POETIC trial was a phase III, randomized 2:1 study for 4486 ER+BC post-menopausal patients to determine whether peri-operative AI followed by standard adjuvant therapy improved outcome compared with standard adjuvant therapy. Pre and post-2-weeks of perioperative AI RNA-later-samples from 118 ER+HER2- BC patients were analysed. Global gene expression profiles were obtained using Illumina-HumanBeadChips (Gellert et al. Nat.Commun 2016). Module-scores (N=649) covering different cancer-pathways and immune-related genes were calculated for each sample.  Proliferation rate was estimated as percentage of cancer cells staining for Ki67 and categorised into High (≥ 10%) and Low (<10%) at baseline (B) and 2wk.

Results

In POETIC trial, patients with Ki672w remaining “High” after 2wks of AI have substantially poorer prognosis than those with Ki672w at a low level.
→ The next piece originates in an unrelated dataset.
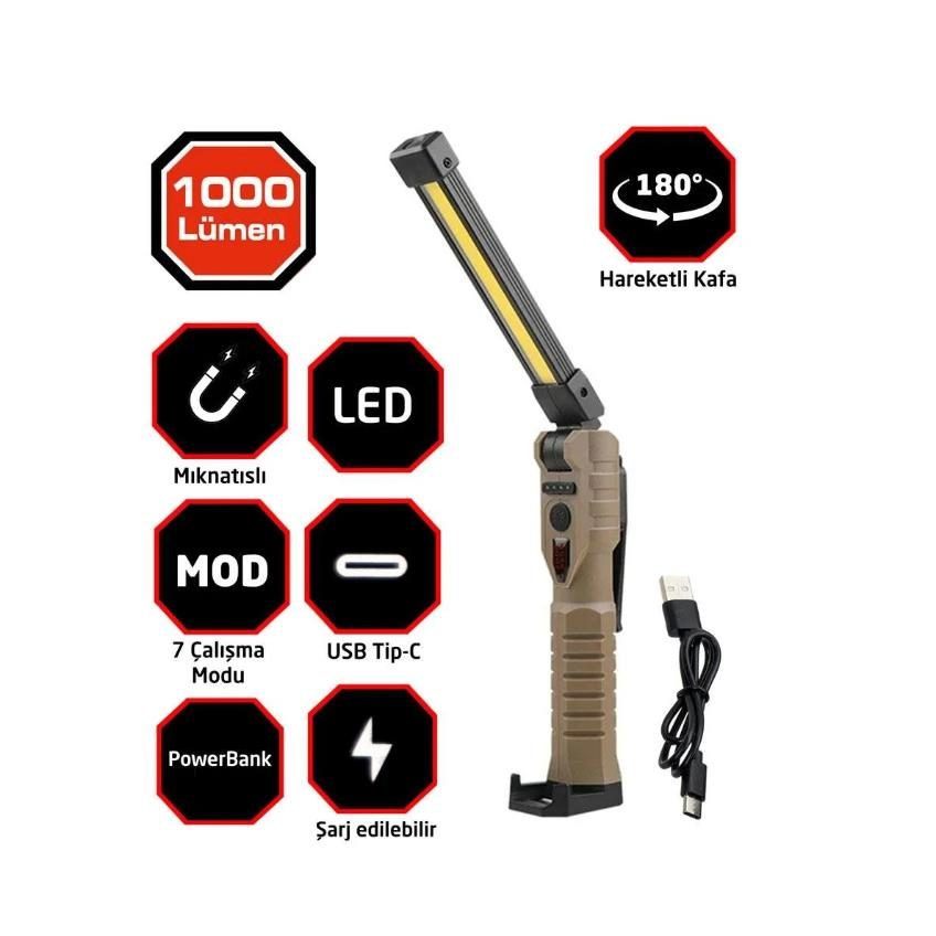 1 Adet - Şarjlı katlanır çalışma el feneri

We categorised tumours into classes according to Ki67 at B and at 2wk: 28 HighB-High2wk, 77 HighB-Low2wk, 13 LowB-Low2wk and 0 LowB-High2wk.  There were 107 modules differentially expressed across these classes with a false discovery rate <0.5%. Unsupervised hierarchical clustering of samples with these module-scores revealed that 29 immune-related modules covering immune-tolerance, IFN-gamma biology and gene signatures associated with response to checkpoint inhibitors such as durvalumab, were significantly upregulated in HighB-High2wk tumours. These modules include some genes involving immune-tolerance previously associated with resistance to endocrine therapy. As expected, downregulation of proliferation-related modules was observed in all tumours following 2wks of AI.

Conclusion

Several immune-related gene modules were upregulated in BC tumours with early resistance to AI. Our results suggest that high immune-tolerance could be associated to early resistance to AI and warrant further investigation on the use of immune-checkpoint component inhibition in this setting.

 

Impact statement

A potential role of immunotherapy in ER+BC-resistant to AI, providing rationale for immune-checkpoint inhibition in this setting.